Common Chinese-expat mistakes to avoid
- Assuming WeChat Pay / Alipay work in Switzerland — they don't for most retail. Swiss QR-bill, TWINT and contactless cards dominate.
- Waiting more than 12 months to exchange your Chinese driving licence — after that you must take the full Swiss theory and practical test
- Underestimating school-language immersion — public school is free and excellent, but children need 1–2 years to catch up in German/French/Italian
- Missing the 90-day health insurance window — you'll pay premiums backdated to arrival regardless
- Forgetting Pillar 3a — the most tax-efficient pension wrapper for residents (CHF 7,258/year deduction in 2026); see our Pillar 3a guide
Official sources & disclaimer
- State Secretariat for Migration (SEM) — permit categories
- Swiss Embassy in Beijing — D visa applications
- Federal Tax Administration (ESTV) — China–Switzerland double-tax treaty
This guide is for general information only and is not legal, tax, immigration, or insurance advice. Always confirm requirements with your canton, employer, insurer and the Swiss authorities.
Frequently asked questions
Can a Chinese citizen move to Switzerland without a job offer?
Not for residence. The standard route requires a Swiss employer who can prove they couldn't find an EU/EFTA candidate and who applies for a B or L permit against the cantonal third-country quota. Alternatives are study (student permit), family reunification with a Swiss/EU spouse, the lump-sum tax route (Article 28, very high net worth), or an entrepreneur permit for an investment of significant economic interest to the canton.
How long does the D visa take at the Swiss embassy in China?
After the canton and SEM approve your permit (typically 8–12 weeks), the Swiss embassy in Beijing or consulates in Shanghai, Guangzhou and Hong Kong issue the D visa in 2–4 weeks. Total timeline from job offer to arrival is usually 3–5 months. Bring the SEM authorisation letter, passport valid 6+ months, work contract and biometrics.

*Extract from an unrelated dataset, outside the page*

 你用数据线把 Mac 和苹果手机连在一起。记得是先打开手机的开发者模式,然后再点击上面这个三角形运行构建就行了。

Can I bring my family with me?
Yes — spouses and children under 18 of a B-permit holder can apply for family reunification, usually filed at the same time as the main permit. Spouses get a B permit with full work rights. Children are enrolled in the local public school within weeks of registration; instruction is in the cantonal language (German, French or Italian) with free intensive language classes.
Will my Chinese driving licence work in Switzerland?

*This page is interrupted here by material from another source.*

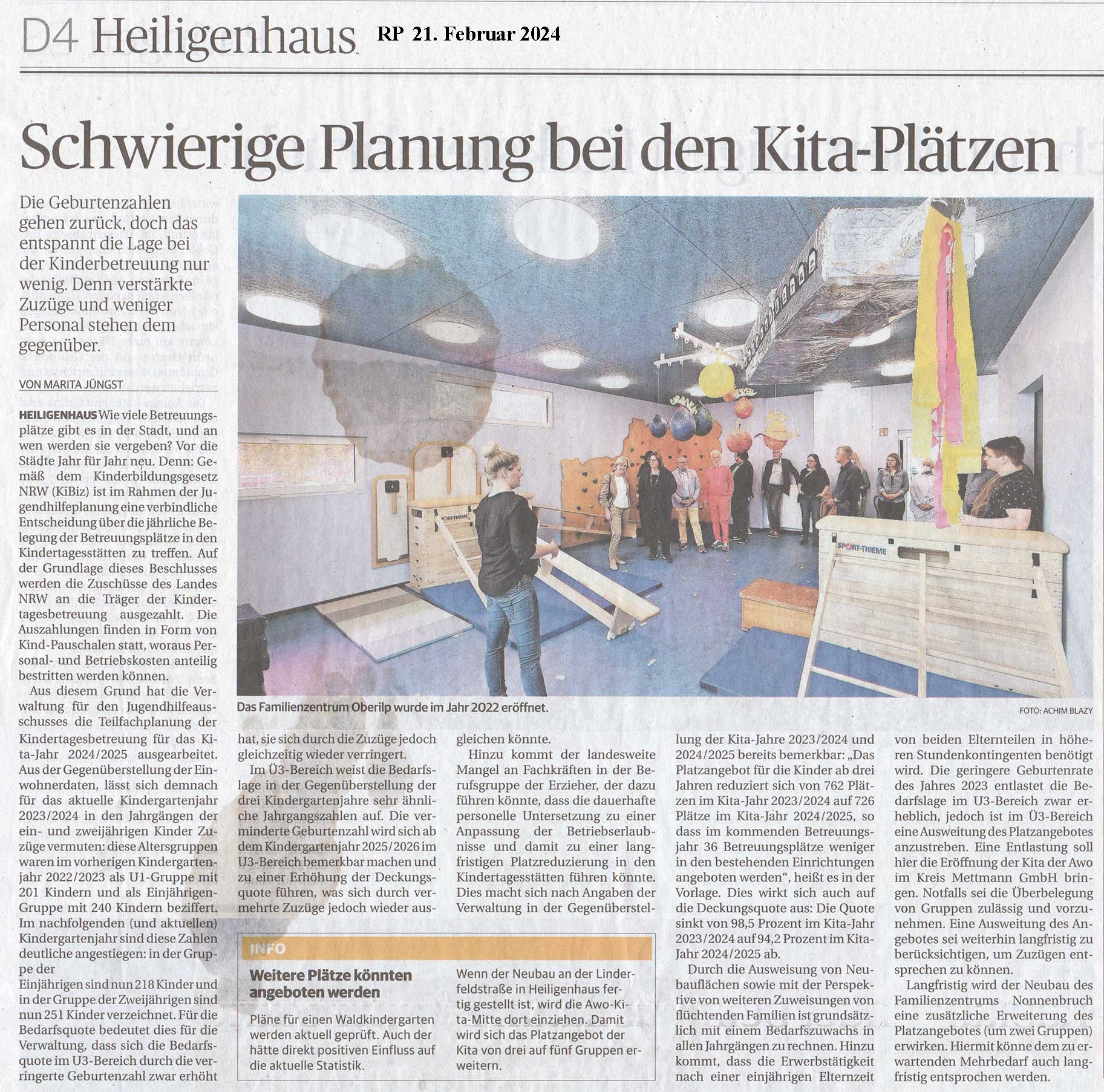 Schwierige Planung bei den Kita-Plätzen (RP 21. Februar 2024)

For the first 12 months yes, paired with an official Chinese-to-German/French/Italian translation or an International Driving Permit. After 12 months you must exchange it at the cantonal Strassenverkehrsamt — China is on the list of countries requiring a Swiss practical driving test, but the theory test is waived.
Can I keep my Chinese bank accounts and send money home?
Yes. Swiss banks accept Chinese clients with valid permits; PostFinance and Raiffeisen are the most newcomer-friendly. Outbound transfers to China go via SWIFT (UnionPay accepted at most ATMs). Wise and Revolut work well for CHF↔CNY at near-spot rates. Note: China still applies its USD 50,000/year individual outbound capital limit, so plan large transfers (deposits, school fees) accordingly.